• [PROBLEM]:
Once you reach the line containing "U型橱柜的设计,从清洗到备餐", return it and every line after it exactly, through the end of the records below, with no pictures.

• [EXTRACTED RECORDS]:
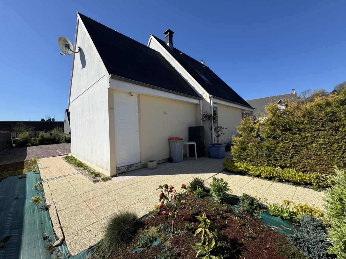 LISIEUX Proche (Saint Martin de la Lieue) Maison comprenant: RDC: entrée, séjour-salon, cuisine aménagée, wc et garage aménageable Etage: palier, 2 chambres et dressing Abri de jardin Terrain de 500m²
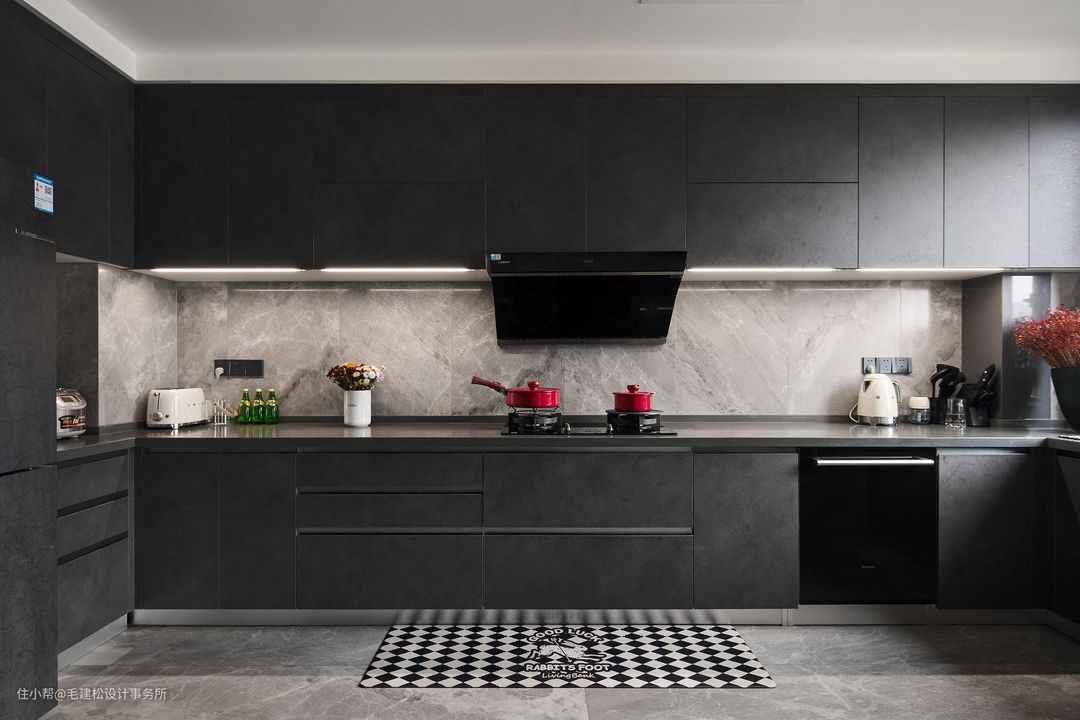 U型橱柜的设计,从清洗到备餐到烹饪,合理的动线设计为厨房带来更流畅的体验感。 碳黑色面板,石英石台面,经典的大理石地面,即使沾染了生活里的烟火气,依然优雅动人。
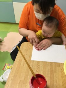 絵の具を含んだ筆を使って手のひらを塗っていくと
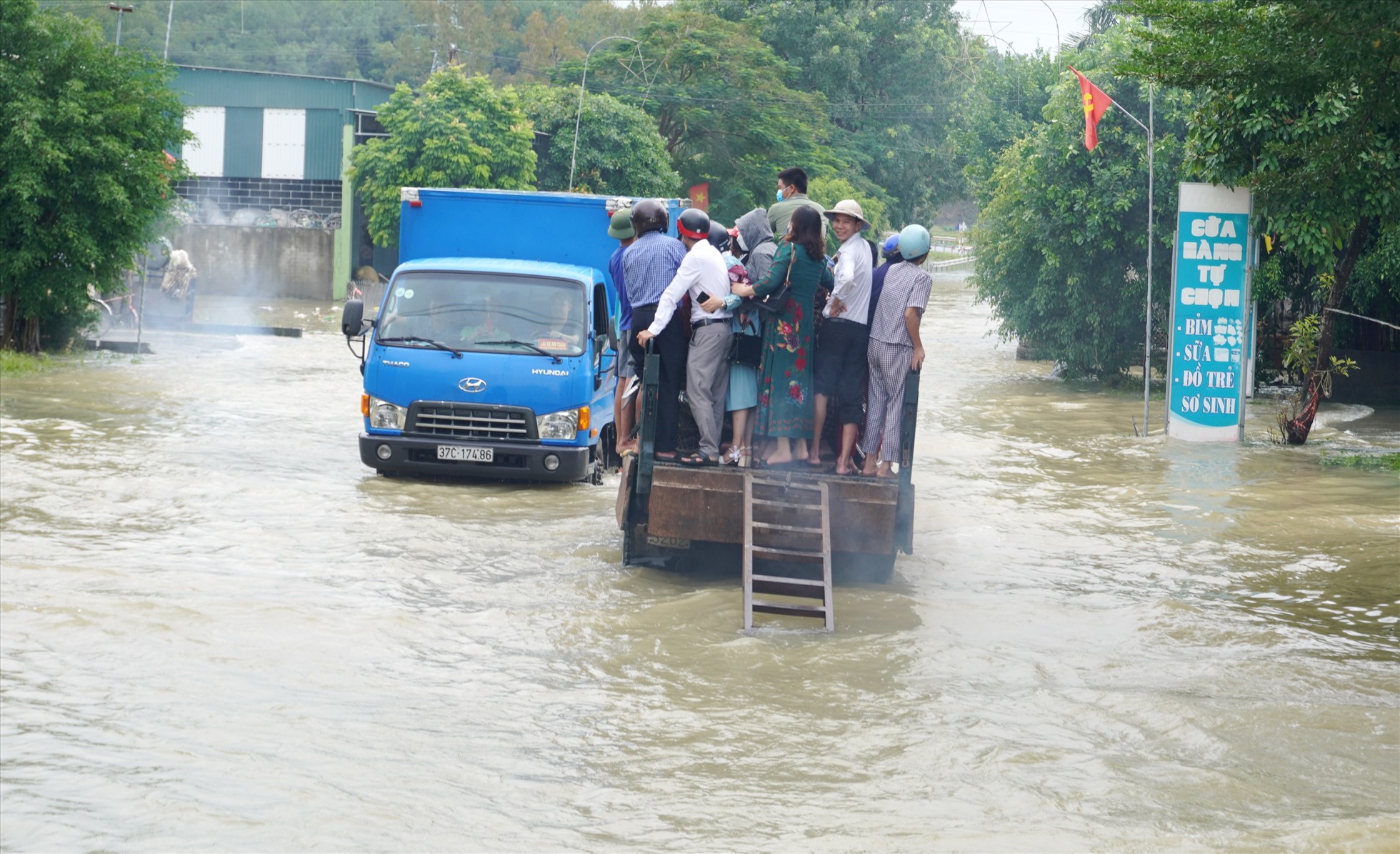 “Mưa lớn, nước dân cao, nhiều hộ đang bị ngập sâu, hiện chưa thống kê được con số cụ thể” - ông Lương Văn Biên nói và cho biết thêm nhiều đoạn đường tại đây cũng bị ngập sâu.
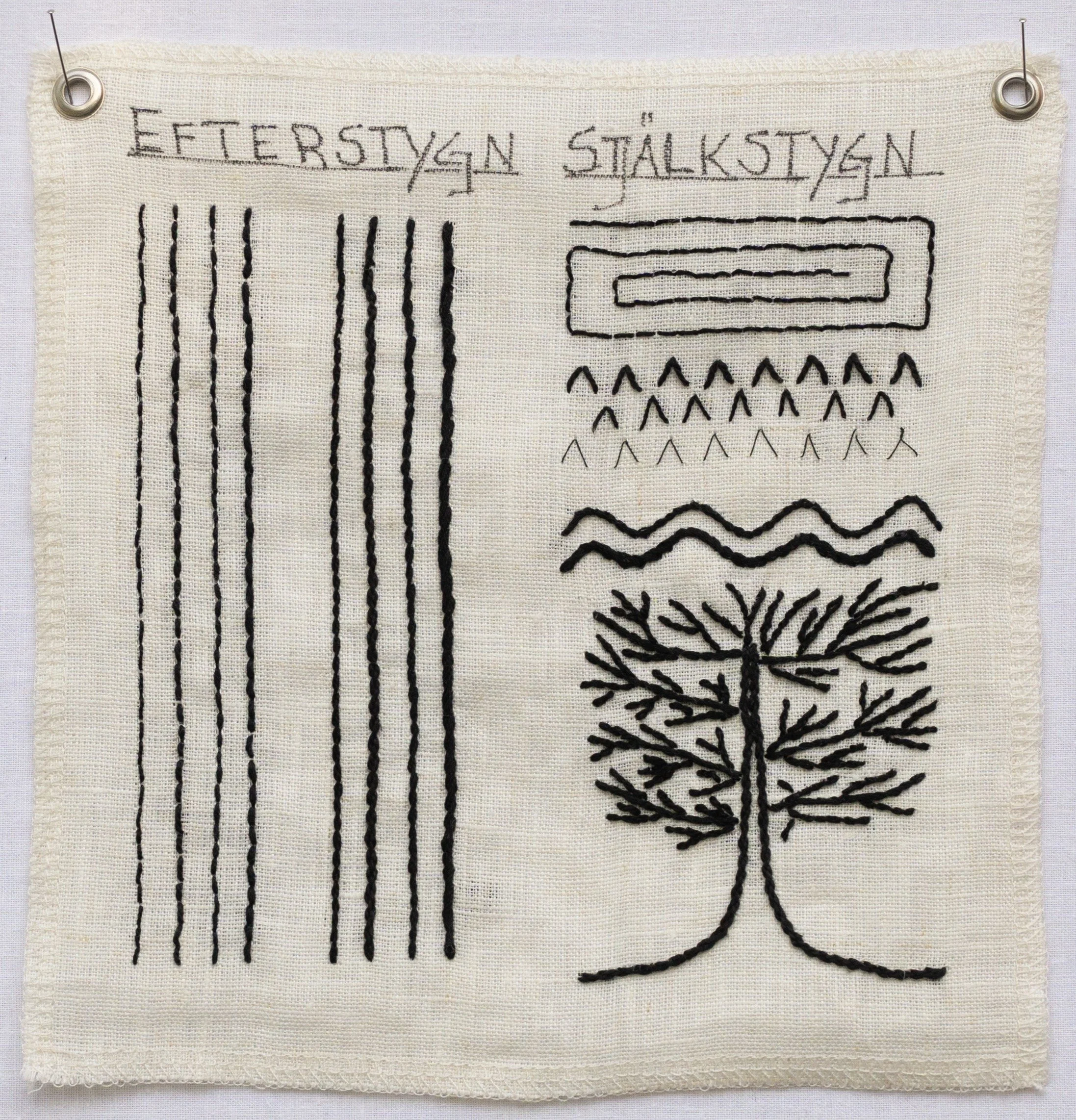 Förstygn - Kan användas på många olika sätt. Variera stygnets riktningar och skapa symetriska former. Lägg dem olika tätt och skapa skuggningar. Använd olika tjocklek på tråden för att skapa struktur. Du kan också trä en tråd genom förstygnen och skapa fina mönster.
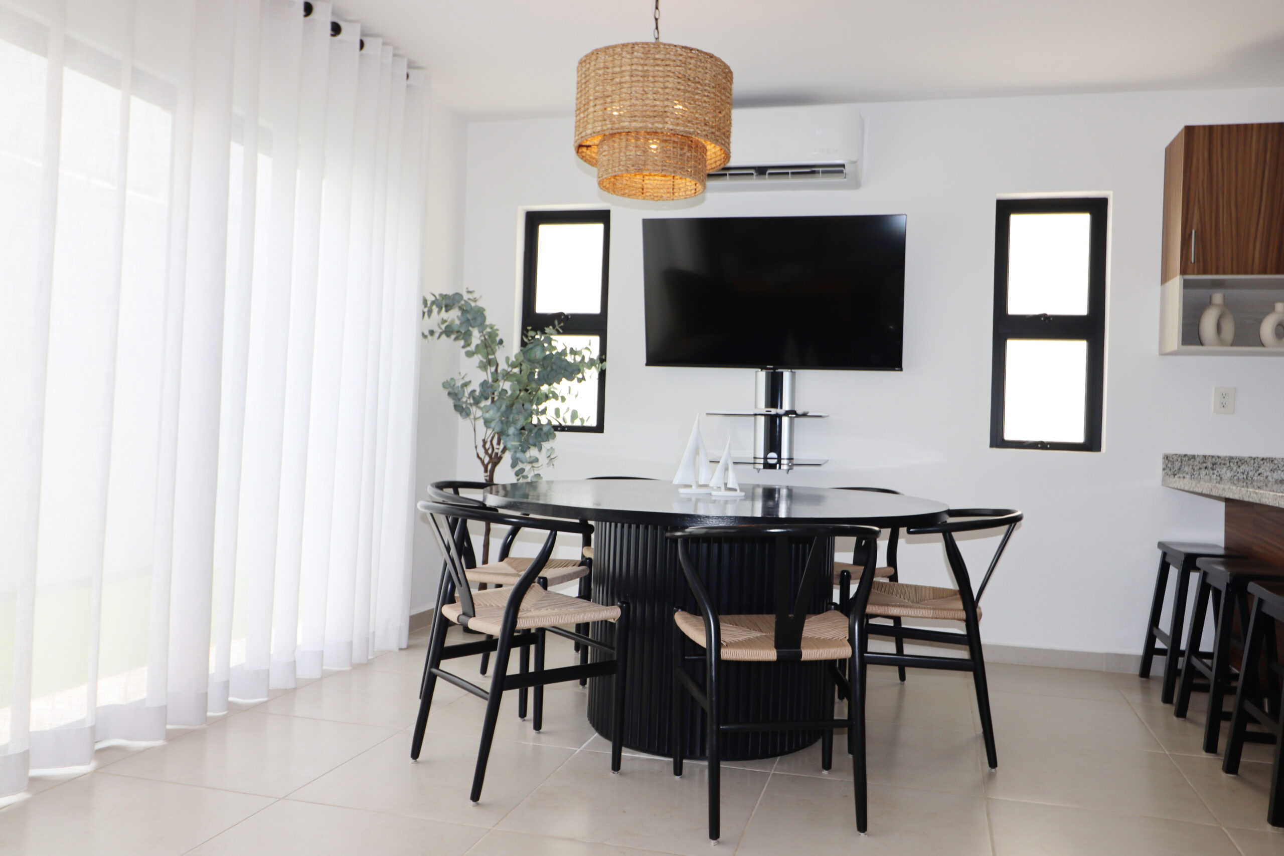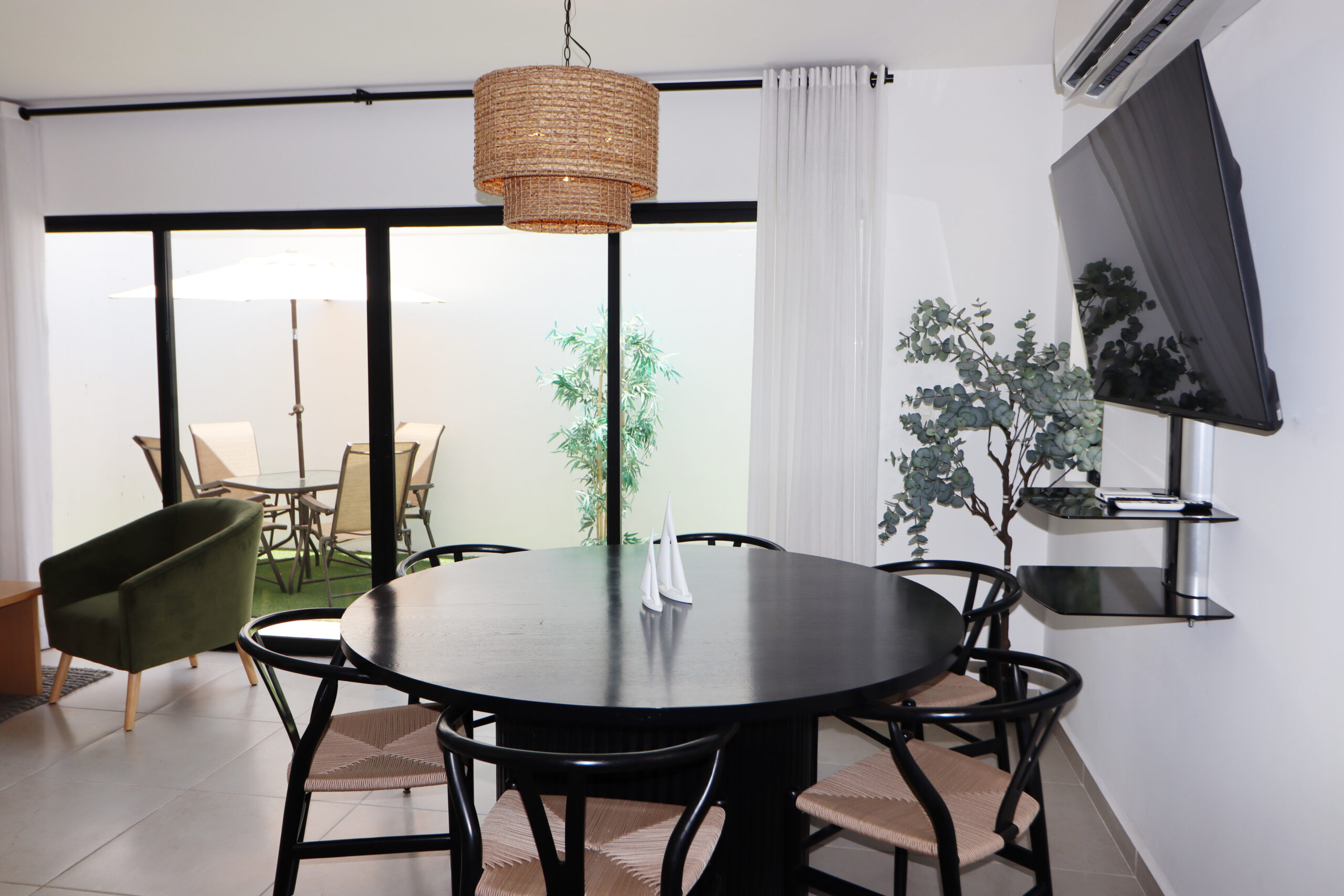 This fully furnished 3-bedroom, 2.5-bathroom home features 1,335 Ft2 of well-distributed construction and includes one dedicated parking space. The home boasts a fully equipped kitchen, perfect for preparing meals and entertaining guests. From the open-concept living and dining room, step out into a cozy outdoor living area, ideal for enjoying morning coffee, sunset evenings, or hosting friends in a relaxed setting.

• [PROBLEM SOLUTION]:
 U型橱柜的设计,从清洗到备餐到烹饪,合理的动线设计为厨房带来更流畅的体验感。 碳黑色面板,石英石台面,经典的大理石地面,即使沾染了生活里的烟火气,依然优雅动人。
 絵の具を含んだ筆を使って手のひらを塗っていくと
 “Mưa lớn, nước dân cao, nhiều hộ đang bị ngập sâu, hiện chưa thống kê được con số cụ thể” - ông Lương Văn Biên nói và cho biết thêm nhiều đoạn đường tại đây cũng bị ngập sâu.
 Förstygn - Kan användas på många olika sätt. Variera stygnets riktningar och skapa symetriska former. Lägg dem olika tätt och skapa skuggningar. Använd olika tjocklek på tråden för att skapa struktur. Du kan också trä en tråd genom förstygnen och skapa fina mönster.
 This fully furnished 3-bedroom, 2.5-bathroom home features 1,335 Ft2 of well-distributed construction and includes one dedicated parking space. The home boasts a fully equipped kitchen, perfect for preparing meals and entertaining guests. From the open-concept living and dining room, step out into a cozy outdoor living area, ideal for enjoying morning coffee, sunset evenings, or hosting friends in a relaxed setting.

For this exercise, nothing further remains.